▸ **DATA SHOWN**:
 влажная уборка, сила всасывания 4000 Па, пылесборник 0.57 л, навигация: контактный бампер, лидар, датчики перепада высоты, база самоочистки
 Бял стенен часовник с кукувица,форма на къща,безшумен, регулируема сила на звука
* * *
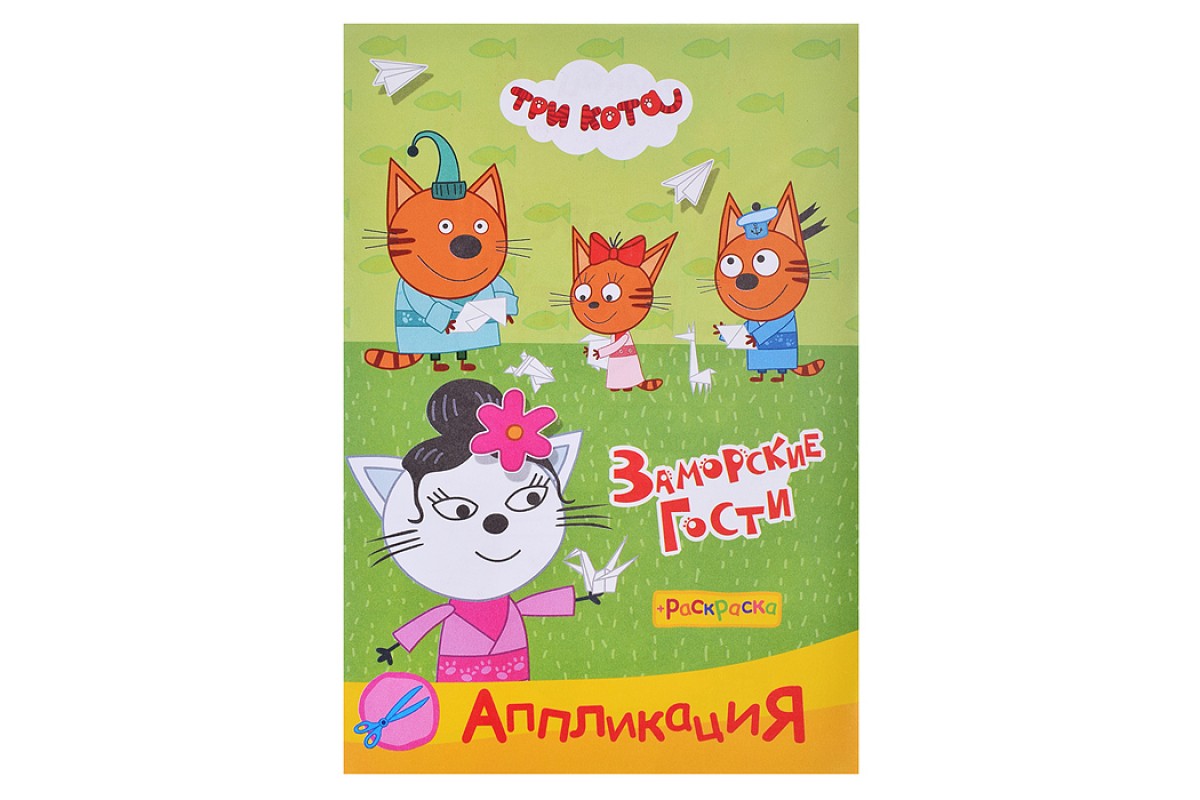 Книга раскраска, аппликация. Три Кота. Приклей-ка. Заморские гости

▸ **WORK REQUEST**: Some lines above may contain the string "сила". State how many of them the records have, and nothing more.

▸ **RESULT FOR THIS EXERCISE**: 2